Gradient descent back propagating for intermediate loss function

Hi there, recently, I’m writing a customized loss function, I’m not sure about whether propagating gradient through the whole network or just part of it.
Specifically, I have an autoEncoder model, my loss function consists of 2 separate loss, where 1st part is taking the output of autoEncoder as input, whereas 2nd part is taking the intermediate output of the encoder network(without the decoder network) as its input. My question is that should I backprop gradient of 2nd loss through the decoder network?

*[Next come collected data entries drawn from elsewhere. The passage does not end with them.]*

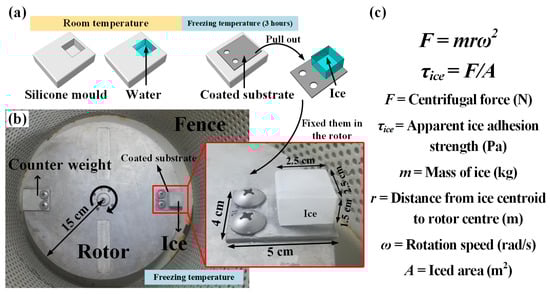 Schematic description of ice formation and centrifuge ice adhesion strength test. (a) Silicone mould was filled with deionized water. Substrate was placed upside down on the silicone mould and fully contacted with water. Temperature was set to desired temperature. After freezing, the substrate with ice was pulled out; (b) Substrate with ice was bolted to the discal rotor of centrifuge setup; (c) Formula for calculating the ice adhesion strength (τice).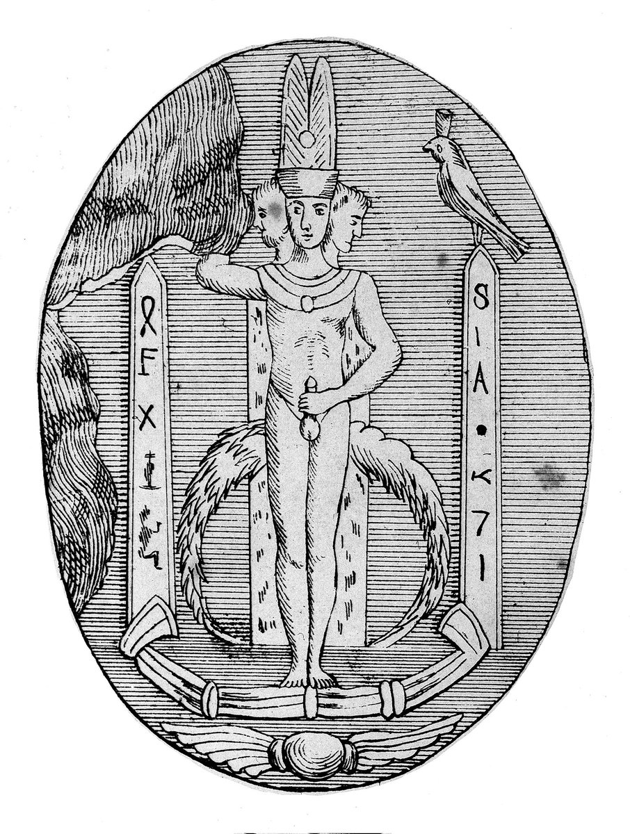 Knight continues, "In this composition they represented the generative power of the Ερως [Eros], Osiris, Mithras, or Bacchus, whose centre is the Sun. By the inscription on the pedestal, the attribute thus personified, is styled 'The Saviour of the World'."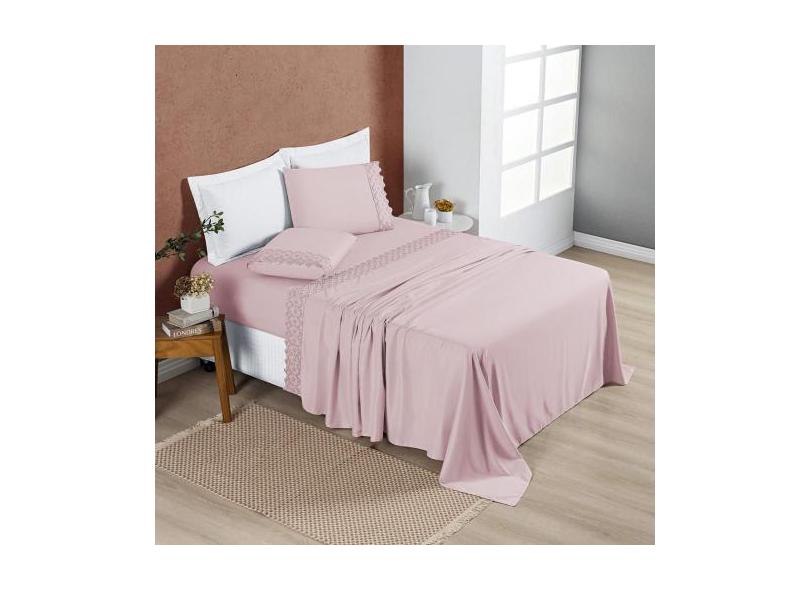 Lençol Casal Queen Bordado Inglês 200 Fios 04 Pçs Rosa - Jm Enxovais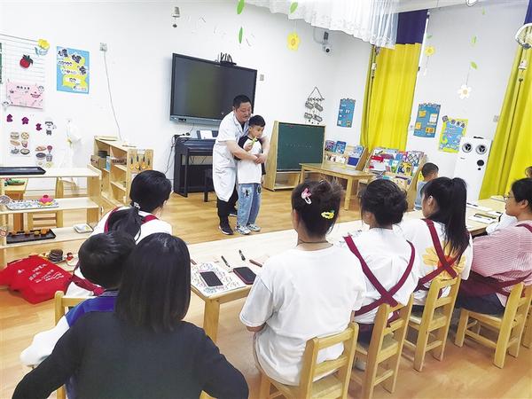 一名医护人员为幼儿园教师演示海姆立克急救法。为切实保障幼儿身心健康和生命安全,预防和减少幼儿意外伤害的发生,提升幼儿园教师应对意外伤害的处理能力和急救能力,近日,周口骨科医院小儿骨科健康宣教小组走进川汇区东成幼儿园开展急救培训。③2记者 郑伟元 摄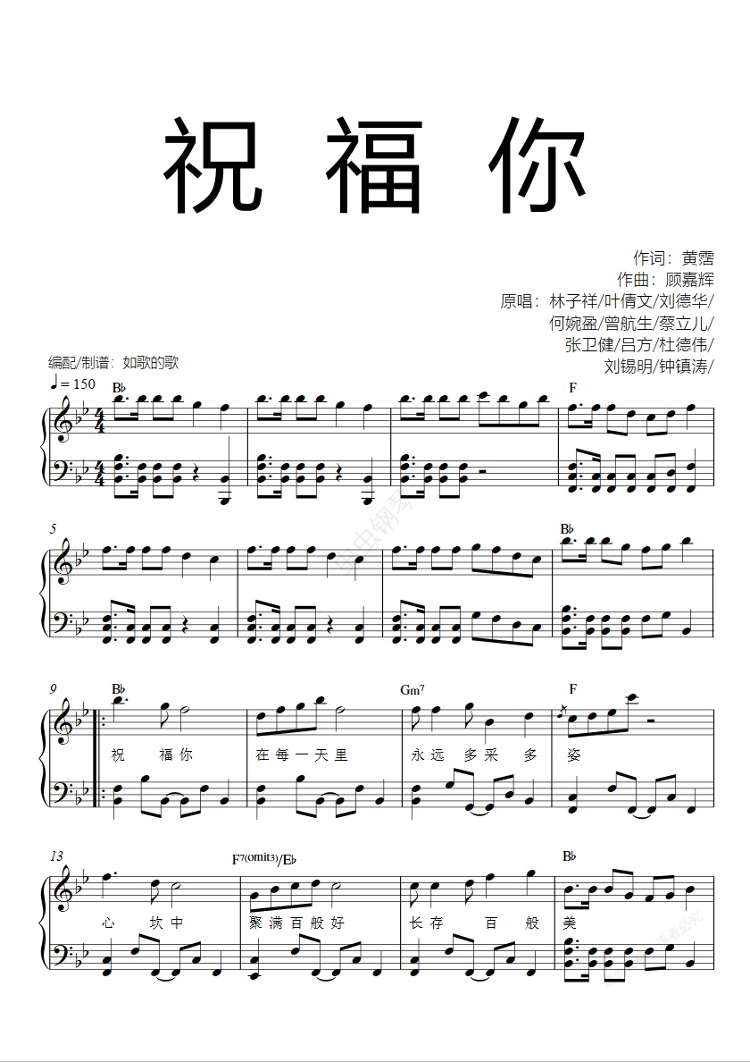 钢琴谱:祝福你-弹唱&独奏-华语群星贺岁新春拜年祝曲

class autoEncoder(nn.Module):
    def __init__(self):
        super(autoEncoder,self).__init__()
    def forward(self,x):
        h = encoder(x)
        x = decoder(h)
        return x

For simplicity, encoder and decoder are 2 classes implementing the encoder network and decoder network respectively. with that defined, my loss function is formalized as follows:

customized_loss  = loss_1(x) + loss_2(h) # loss_1 and loss_2 are torch.autograd.variable.Variable 

Should I write gradient descent as follows ?

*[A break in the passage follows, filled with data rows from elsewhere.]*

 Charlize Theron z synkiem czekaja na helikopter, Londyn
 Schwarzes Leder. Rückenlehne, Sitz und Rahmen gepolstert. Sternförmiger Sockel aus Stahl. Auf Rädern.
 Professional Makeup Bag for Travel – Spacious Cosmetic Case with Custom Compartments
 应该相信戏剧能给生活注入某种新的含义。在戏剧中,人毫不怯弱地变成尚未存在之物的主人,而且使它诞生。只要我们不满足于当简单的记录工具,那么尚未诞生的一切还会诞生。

grad_params = torch.autograd.grad(loss_1,autoEncoder.parameters(),create_graph=True)
grad_params[-2].add_(torch.autograd.grad(loss_2,encoder.parameters(),create_graph=True))
torch.optim.SGD(grad_params).step()

or computes loss2 w.r.t he decoder network and update the whole network

customized_loss.backward()
torch.optim.SGD().step()
1 Like

Will pytorch automatically build a graph that traces the loss2 variable?

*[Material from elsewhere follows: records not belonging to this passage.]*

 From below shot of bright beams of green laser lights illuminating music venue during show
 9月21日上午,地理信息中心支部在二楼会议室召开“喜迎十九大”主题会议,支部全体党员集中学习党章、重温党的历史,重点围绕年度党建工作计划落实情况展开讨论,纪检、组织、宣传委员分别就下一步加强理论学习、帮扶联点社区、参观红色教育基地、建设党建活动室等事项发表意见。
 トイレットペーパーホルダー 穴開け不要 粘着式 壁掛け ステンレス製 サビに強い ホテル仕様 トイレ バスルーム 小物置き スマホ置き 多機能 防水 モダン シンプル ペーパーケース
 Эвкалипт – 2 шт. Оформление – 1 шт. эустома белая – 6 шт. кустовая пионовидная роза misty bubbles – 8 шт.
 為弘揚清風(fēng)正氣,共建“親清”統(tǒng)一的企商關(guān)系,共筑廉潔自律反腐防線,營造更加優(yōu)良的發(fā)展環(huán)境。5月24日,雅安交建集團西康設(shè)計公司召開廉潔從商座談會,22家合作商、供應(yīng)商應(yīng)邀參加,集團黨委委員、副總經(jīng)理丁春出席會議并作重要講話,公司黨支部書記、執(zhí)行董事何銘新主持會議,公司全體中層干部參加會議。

you can simply do customized_loss.backward() and gradients wrt both loss1 and loss2 are propagated back to the parameters.

thanks dude, wonderful framework!

Dear @smth,

What if I want to train the AE with respect to the AE loss, and and the second model with respect to the intermediate loss? Because what you suggested seems to me that the gradient of the whole model is going to be calculated w.r.t one loss, which is loss1+loss2

1 Like

Did you get your answer?